La crise actuelle de l’éducation, répétons-le, est une crise de l’autorité. Sur le plan spirituel, la plupart des fidèles, partout, remettent plutôt en question la religion de leurs pères, conçue comme un marqueur identitaire et communautaire. On veut donner un sens à sa vie, on essaie la psychologie et le développement personnel au risque de relativiser le clergé, les dogmes, les maîtres spirituels. Certaines religions peuvent s’en offusquer, d’autres y voient une opportunité de réveil.

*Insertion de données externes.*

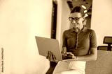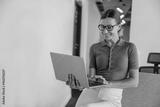 A young woman in glasses is focused on her laptop in a bright office, emphasizing remote work and productivity

Les parents eux-mêmes sont beaucoup moins soutenus par les grands-parents et peuvent être désemparés dans l’attention portée à leurs enfants. Peut-être plus qu’avant, le savoir-vivre et le savoir-aimer deviennent la clé de voûte du mariage et de la famille, alors que le mariage traditionnel et le modèle des parents autoritaires sont mis au défi. Cette crise est profonde et mondiale. Elle nous fait peur, car des individus immatures, mal dans leur peau, ont toutes les chances de créer des unions fragiles, des unions matrimoniales incertaines et des foyers précaires où rôde la maltraitance.
Enfin, sur le plan du savoir-faire, l’entreprise et le lieu de travail changent énormément. Les commandements hiérarchiques et rigides sont mal tolérés et souvent contre-productifs ; pour éviter le stress au travail, les tensions dans le personnel, les patrons modernes vont féminiser leurs équipes, privilégier le dialogue, la coopération, le travail d’équipe. Autre point, les perspectives de carrière deviennent plus incertaines, surtout dans le privé. Il faut s’attendre à un marché du travail incertain, où les gens changent plusieurs fois de métiers et de postes, avant de trouver, parfois tardivement leur vocation.
En conclusion, j’émets une recommandation. Le primat actuel du libre-arbitre est une bonne chose si tous les éducateurs font un travail d’équipe. « Il faut tout un village pour éduquer un enfant », dit un proverbe africain. Un être humain trop libre est malheureux s’il est seul. S’il est dans une bonne équipe soudée, il réussira.